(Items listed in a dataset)
>>>>
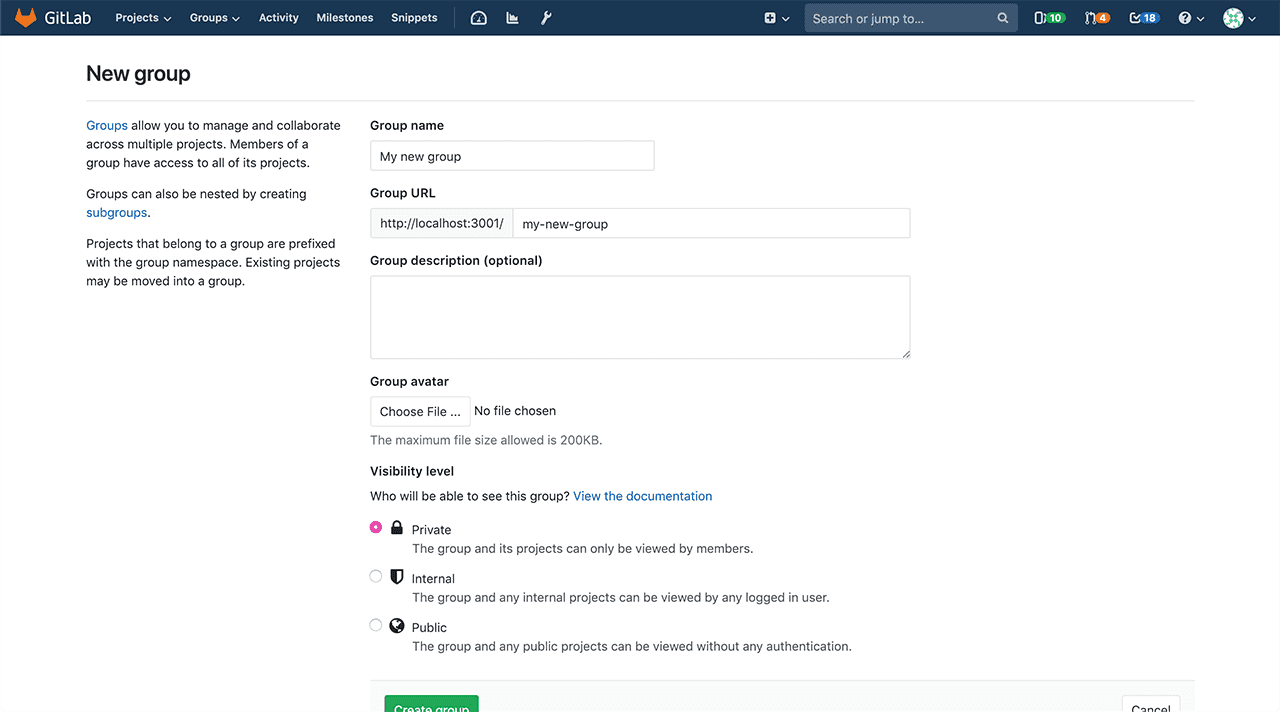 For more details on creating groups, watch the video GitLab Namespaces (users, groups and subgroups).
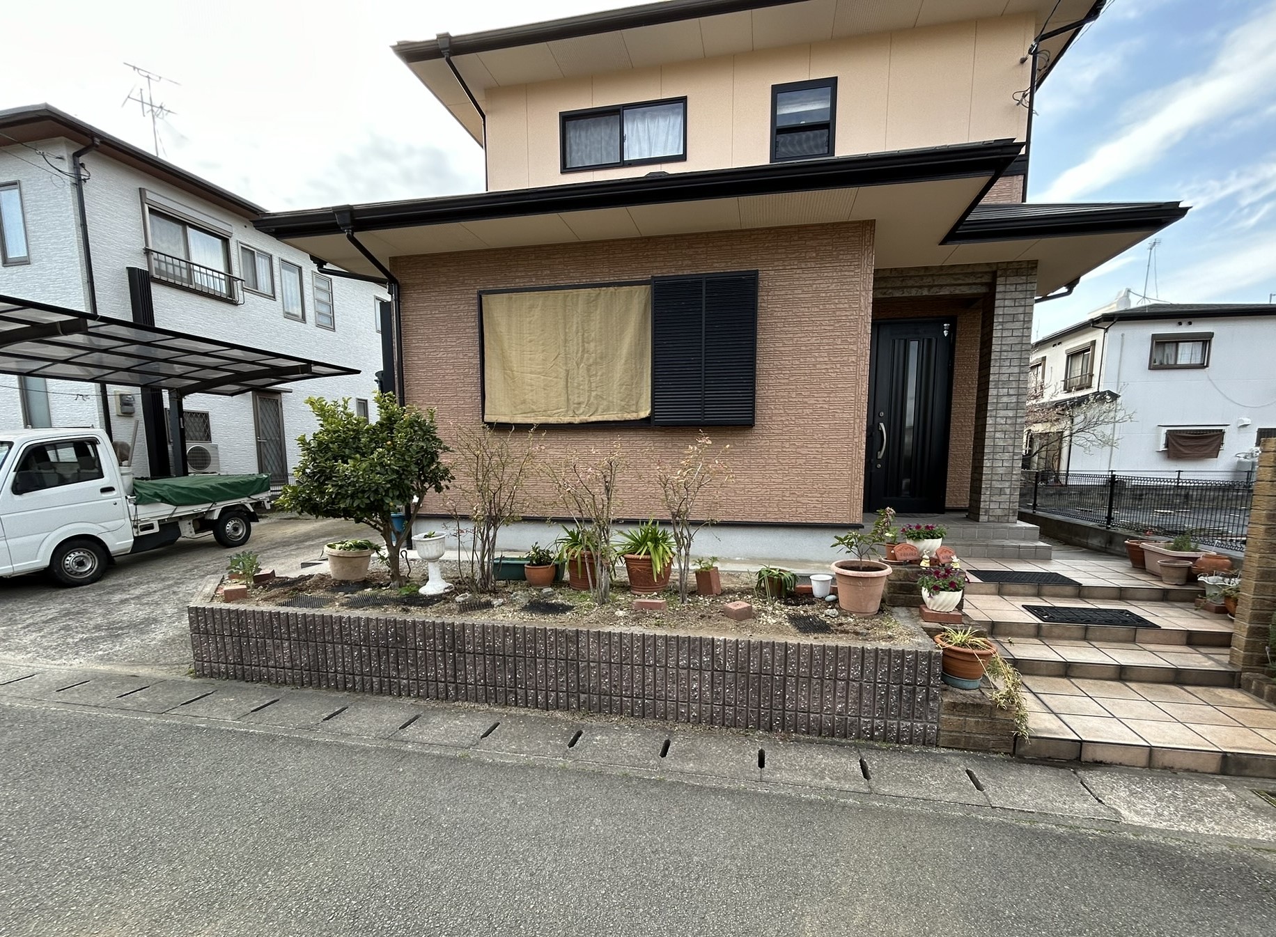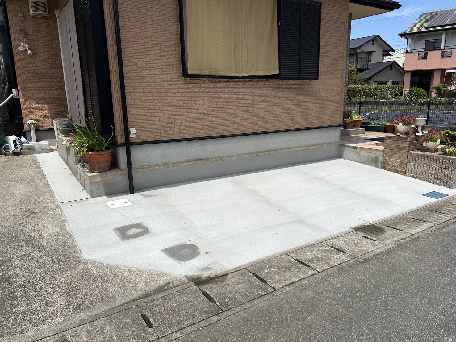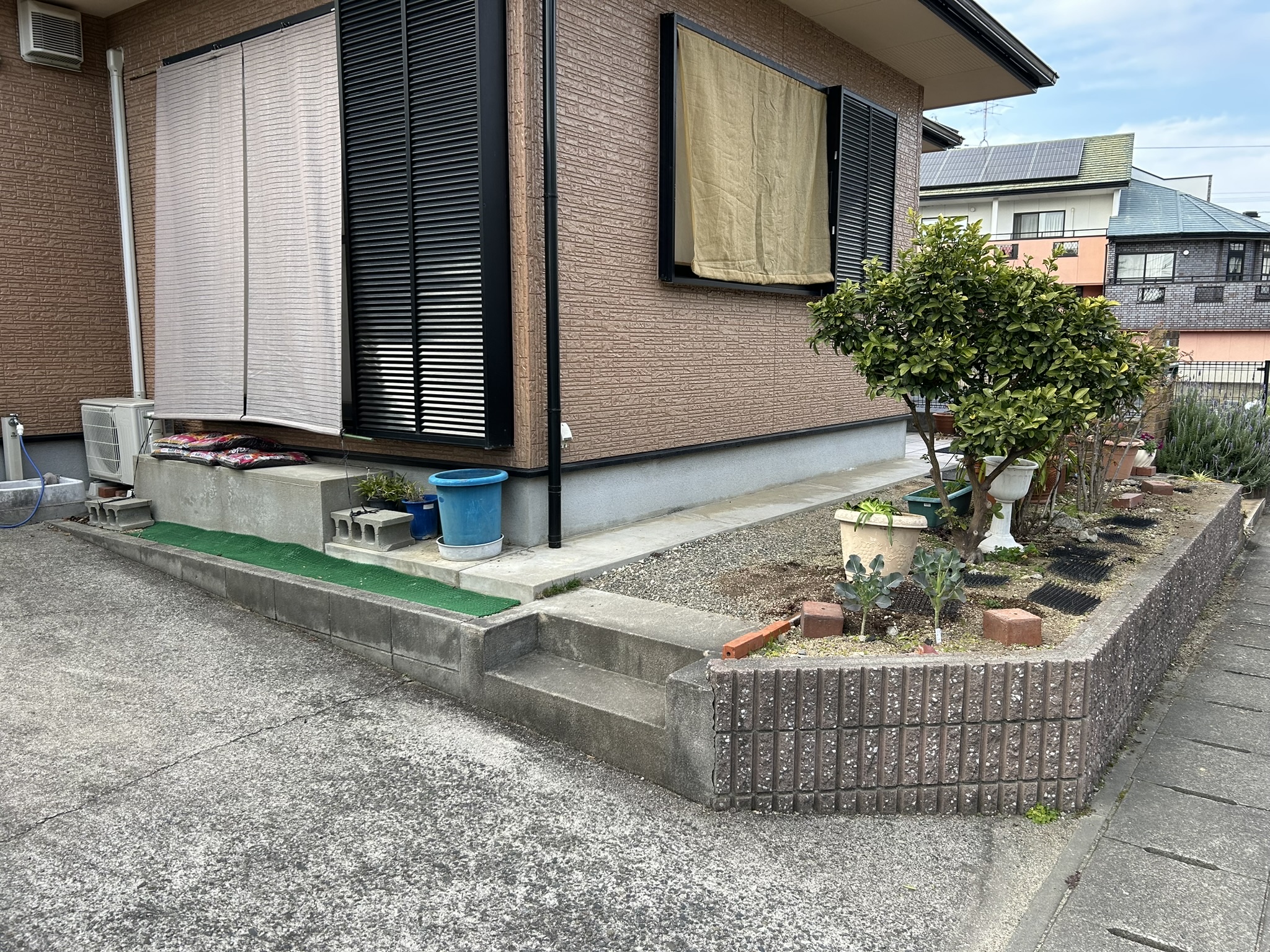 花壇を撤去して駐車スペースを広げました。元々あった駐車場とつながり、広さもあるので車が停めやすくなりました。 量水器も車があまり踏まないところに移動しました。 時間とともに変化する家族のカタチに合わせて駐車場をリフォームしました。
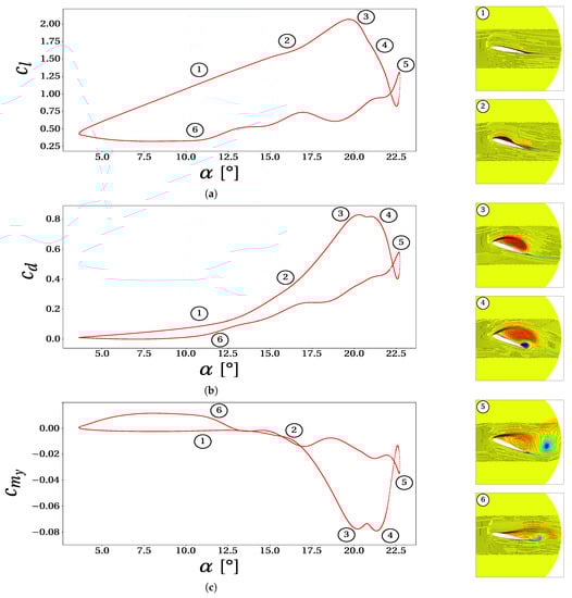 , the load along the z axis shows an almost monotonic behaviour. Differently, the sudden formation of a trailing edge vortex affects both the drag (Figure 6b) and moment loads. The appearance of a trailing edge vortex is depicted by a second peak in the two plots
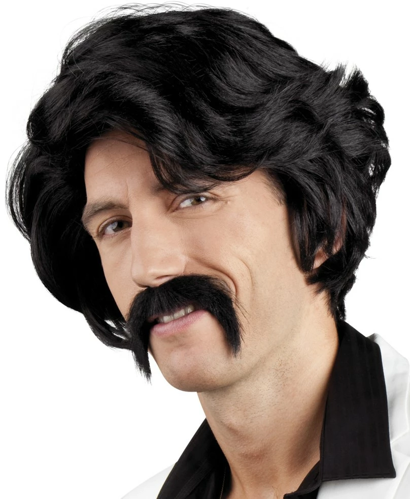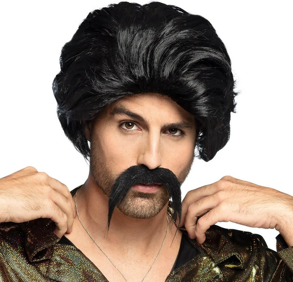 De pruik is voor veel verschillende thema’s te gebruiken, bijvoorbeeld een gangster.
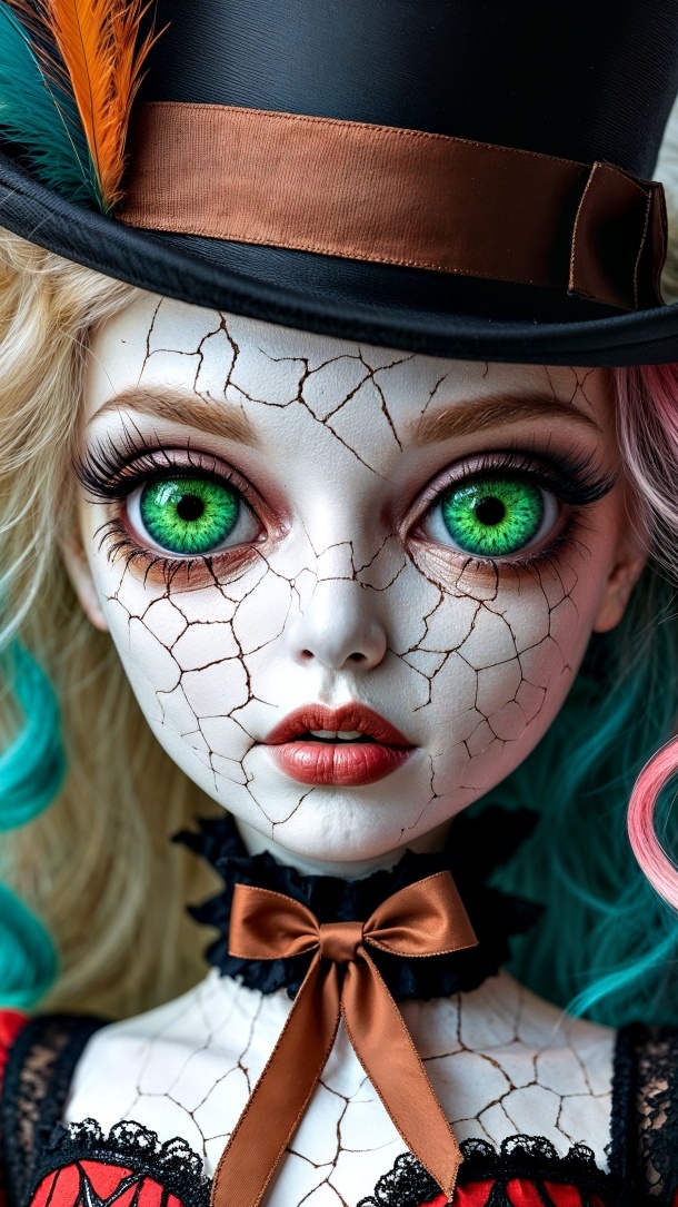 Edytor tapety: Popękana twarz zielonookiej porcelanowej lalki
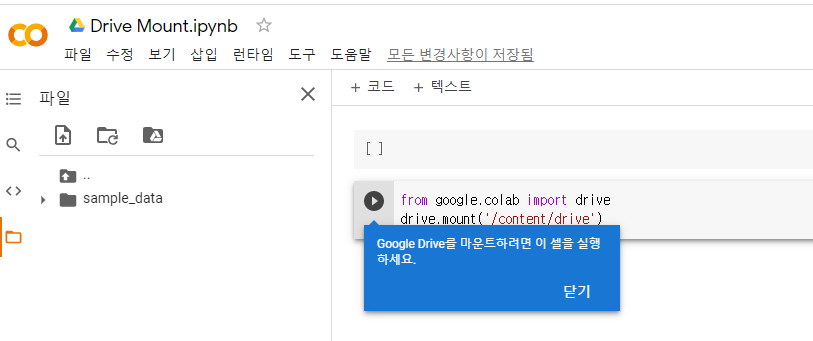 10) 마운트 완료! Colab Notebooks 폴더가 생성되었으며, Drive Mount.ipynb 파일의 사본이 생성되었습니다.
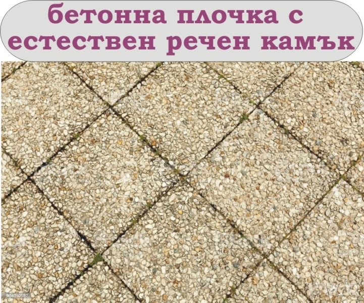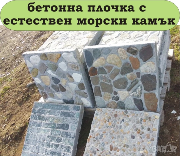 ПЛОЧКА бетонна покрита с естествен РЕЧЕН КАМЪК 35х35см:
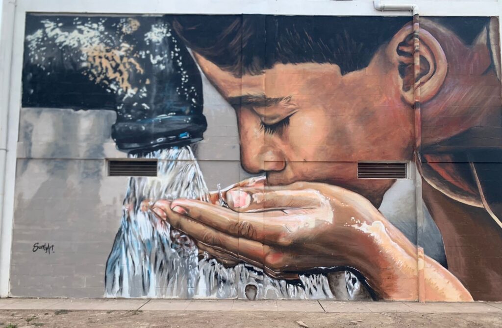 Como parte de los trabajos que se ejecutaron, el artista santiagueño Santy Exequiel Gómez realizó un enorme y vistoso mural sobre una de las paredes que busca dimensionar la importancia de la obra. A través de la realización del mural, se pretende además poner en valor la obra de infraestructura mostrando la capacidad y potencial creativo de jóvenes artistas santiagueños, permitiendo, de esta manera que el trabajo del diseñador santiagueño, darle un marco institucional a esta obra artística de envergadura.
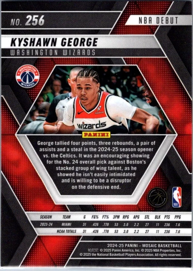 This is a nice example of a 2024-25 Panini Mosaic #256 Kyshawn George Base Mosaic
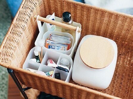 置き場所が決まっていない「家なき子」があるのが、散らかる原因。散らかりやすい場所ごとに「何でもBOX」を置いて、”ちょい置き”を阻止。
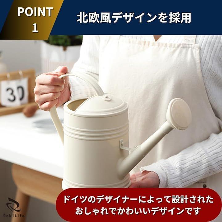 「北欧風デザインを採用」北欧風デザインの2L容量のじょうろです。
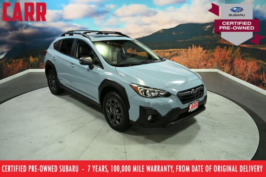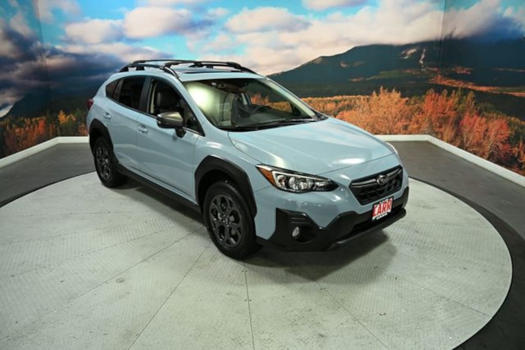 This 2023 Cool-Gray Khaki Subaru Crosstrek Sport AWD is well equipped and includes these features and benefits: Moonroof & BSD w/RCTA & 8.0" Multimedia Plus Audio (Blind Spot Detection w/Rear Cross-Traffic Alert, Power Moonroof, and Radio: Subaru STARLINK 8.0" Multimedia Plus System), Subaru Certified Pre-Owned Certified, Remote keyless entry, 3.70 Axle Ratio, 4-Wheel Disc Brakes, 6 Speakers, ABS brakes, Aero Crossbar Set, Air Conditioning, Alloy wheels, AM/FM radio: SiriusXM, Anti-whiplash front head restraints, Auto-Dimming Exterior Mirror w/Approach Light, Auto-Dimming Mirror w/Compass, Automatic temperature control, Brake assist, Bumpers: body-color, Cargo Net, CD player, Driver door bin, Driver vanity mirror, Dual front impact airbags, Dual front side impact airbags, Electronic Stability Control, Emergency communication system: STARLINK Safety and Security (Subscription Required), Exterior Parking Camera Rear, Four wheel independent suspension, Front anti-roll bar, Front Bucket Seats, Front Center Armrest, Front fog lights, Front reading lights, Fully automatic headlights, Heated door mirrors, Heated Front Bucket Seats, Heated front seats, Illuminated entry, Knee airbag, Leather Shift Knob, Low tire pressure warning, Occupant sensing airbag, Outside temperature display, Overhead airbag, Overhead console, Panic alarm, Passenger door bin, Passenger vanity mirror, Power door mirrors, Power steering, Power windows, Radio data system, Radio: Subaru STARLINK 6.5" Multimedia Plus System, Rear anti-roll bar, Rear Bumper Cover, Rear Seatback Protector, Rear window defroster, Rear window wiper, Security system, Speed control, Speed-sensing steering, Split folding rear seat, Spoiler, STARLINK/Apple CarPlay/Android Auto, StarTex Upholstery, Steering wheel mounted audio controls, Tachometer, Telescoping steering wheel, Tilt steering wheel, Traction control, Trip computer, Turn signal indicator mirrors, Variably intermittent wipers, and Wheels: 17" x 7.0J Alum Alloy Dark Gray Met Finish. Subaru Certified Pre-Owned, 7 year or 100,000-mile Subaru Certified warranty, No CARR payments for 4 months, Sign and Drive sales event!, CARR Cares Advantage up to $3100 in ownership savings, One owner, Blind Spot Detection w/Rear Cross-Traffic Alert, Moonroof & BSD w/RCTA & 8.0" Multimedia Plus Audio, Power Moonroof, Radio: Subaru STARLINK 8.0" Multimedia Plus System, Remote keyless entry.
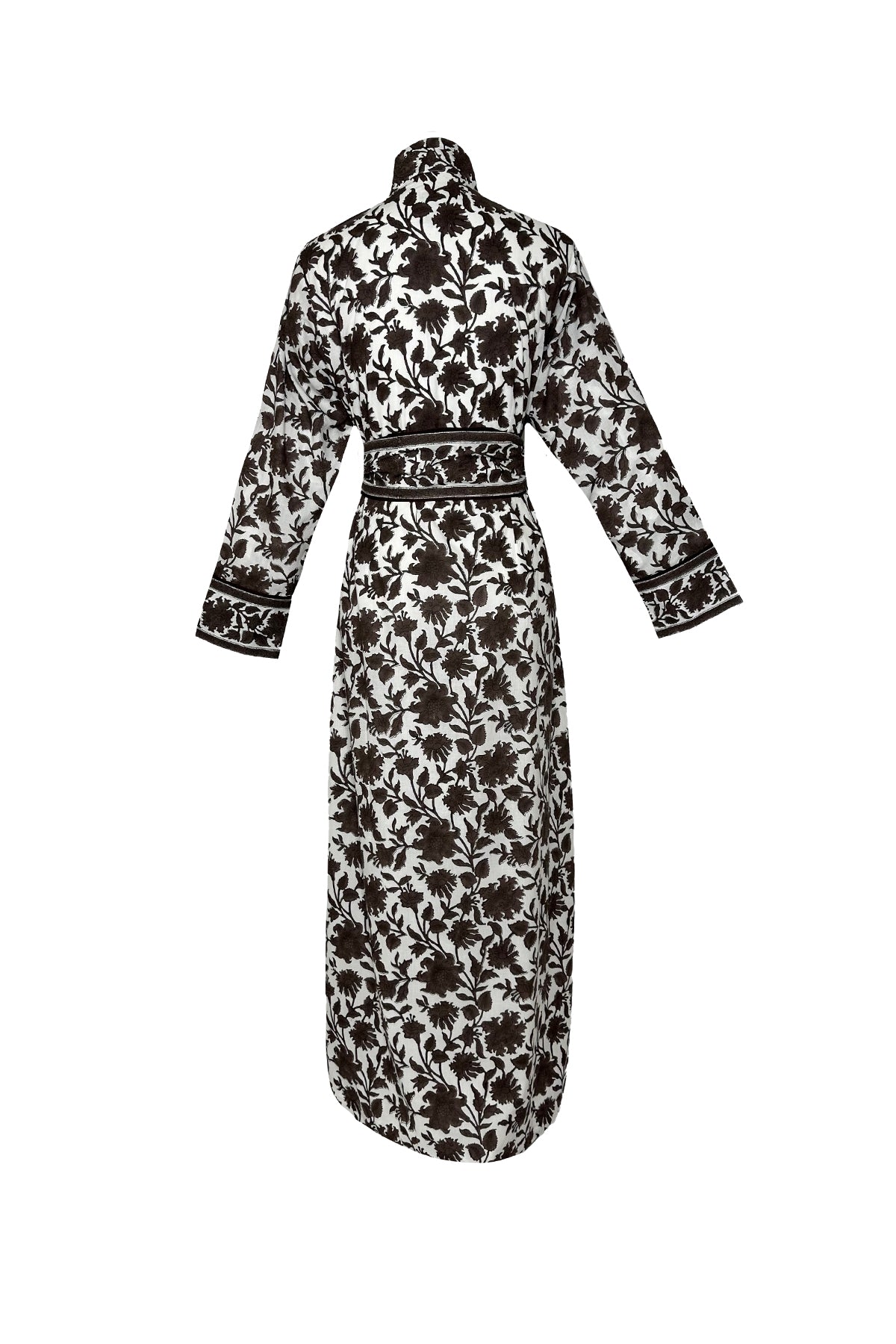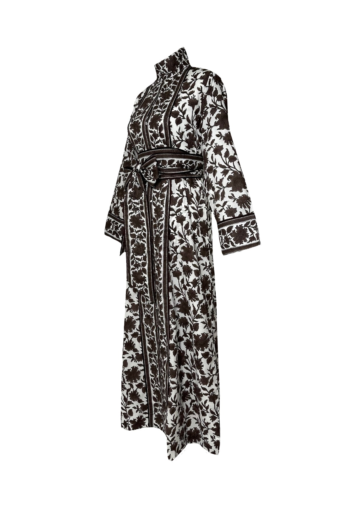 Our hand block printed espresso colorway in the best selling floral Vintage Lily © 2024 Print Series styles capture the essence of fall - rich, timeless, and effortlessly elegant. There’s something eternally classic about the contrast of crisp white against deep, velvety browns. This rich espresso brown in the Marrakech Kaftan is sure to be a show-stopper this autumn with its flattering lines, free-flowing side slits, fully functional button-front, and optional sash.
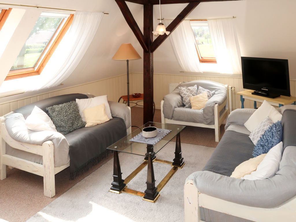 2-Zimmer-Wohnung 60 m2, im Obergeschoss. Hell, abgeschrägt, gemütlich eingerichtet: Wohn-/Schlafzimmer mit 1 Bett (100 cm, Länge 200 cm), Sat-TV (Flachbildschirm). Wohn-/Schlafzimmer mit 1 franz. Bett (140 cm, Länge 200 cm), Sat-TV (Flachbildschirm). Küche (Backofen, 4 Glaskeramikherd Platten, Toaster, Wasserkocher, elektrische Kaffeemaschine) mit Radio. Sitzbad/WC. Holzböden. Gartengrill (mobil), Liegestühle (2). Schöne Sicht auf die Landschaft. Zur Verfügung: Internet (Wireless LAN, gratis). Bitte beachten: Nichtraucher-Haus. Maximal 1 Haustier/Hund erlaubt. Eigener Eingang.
<<<<
Return the opening line of the data above and every line after it up to and including the line that holds "10) 마운트 완료!"; pictures stay out.

 For more details on creating groups, watch the video GitLab Namespaces (users, groups and subgroups).
 花壇を撤去して駐車スペースを広げました。元々あった駐車場とつながり、広さもあるので車が停めやすくなりました。 量水器も車があまり踏まないところに移動しました。 時間とともに変化する家族のカタチに合わせて駐車場をリフォームしました。
 , the load along the z axis shows an almost monotonic behaviour. Differently, the sudden formation of a trailing edge vortex affects both the drag (Figure 6b) and moment loads. The appearance of a trailing edge vortex is depicted by a second peak in the two plots
 De pruik is voor veel verschillende thema’s te gebruiken, bijvoorbeeld een gangster.
 Edytor tapety: Popękana twarz zielonookiej porcelanowej lalki
 10) 마운트 완료! Colab Notebooks 폴더가 생성되었으며, Drive Mount.ipynb 파일의 사본이 생성되었습니다.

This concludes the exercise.